Milestones of Hearing Development
Hearing plays a key role in your child’s social, emotional and cognitive development. Children learn to communicate by imitating sounds they hear. Therefore, even a mild hearing loss can affect your child’s ability to speak and understand language. Early detection is key. At Hearing Evaluation Services (HES), we use our expertise and state-of-the-art technology to diagnose and treat hearing loss so that your child can live life to their fullest potential. HES believes that all parents and caretakers should have access to useful information to help them determine whether or not their child’s hearing is developing properly.
The following developmental guidelines can help you determine if your child is hearing normally. All children develop at a slightly different rate, but if you suspect your child is not hearing normally, it is critical that you have his or her hearing tested immediately. Early intervention is the most important step to avoiding developmental, speech, and language delays.
Birth to Three Months
A newborn should respond to sound by waking, startling or crying. Infants may also appear to pay attention to voices and may be soothed by the sound of a familiar voice.
At three months, babies have control of their eye movements. They will respond to sound by making eye movements to see where the sound is coming from. You will notice your child’s increased awareness of voices, and he or she may smile when spoken to. Your child may enjoy toys that make interesting sounds, such as rattles.
Children at six months of age are able to turn their head in an attempt to locate sounds. They should begin to respond to the sound of their name, as well as the word, “no,” or other changes in the tone of your voice. By this age, children are babbling and producing a variety of speech-like sounds.
A one-year-old can recognize common words and understand simple requests (e.g., “Look at Daddy!”). They can imitate and repeat speech sounds and may begin trying to say their first words.
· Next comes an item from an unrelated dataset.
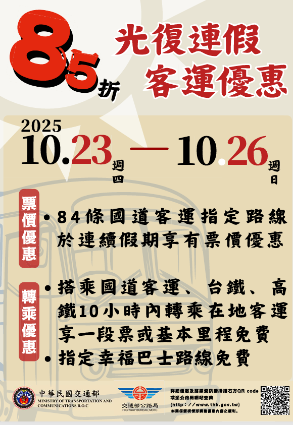 轉知~公路局114年光復節連續假期公共運輸優惠措施

By one and a half years of age, children should have around 50 words in their vocabulary. They should respond to simple commands (e.g. “Give me the ball.”) and should point and vocalize to communicate about things going on around them.
A two-year-old should have a large vocabulary of 200 words or more. When speaking, they should be using two or more words at a time (e.g., “Go bye-bye” or “Play ball, Daddy”). Your child should be able to point to pictures in a book, and identify or point to body parts.
Children begin to use language in more complex ways by the time they are three years old. They should be able to participate in short conversations, and will begin to add endings, such as –ing or –ed, to words.
If you suspect your child may be suffering with a hearing loss, early testing and diagnosis can ensure your child is treated, and able to excel developmentally, academically, and socially.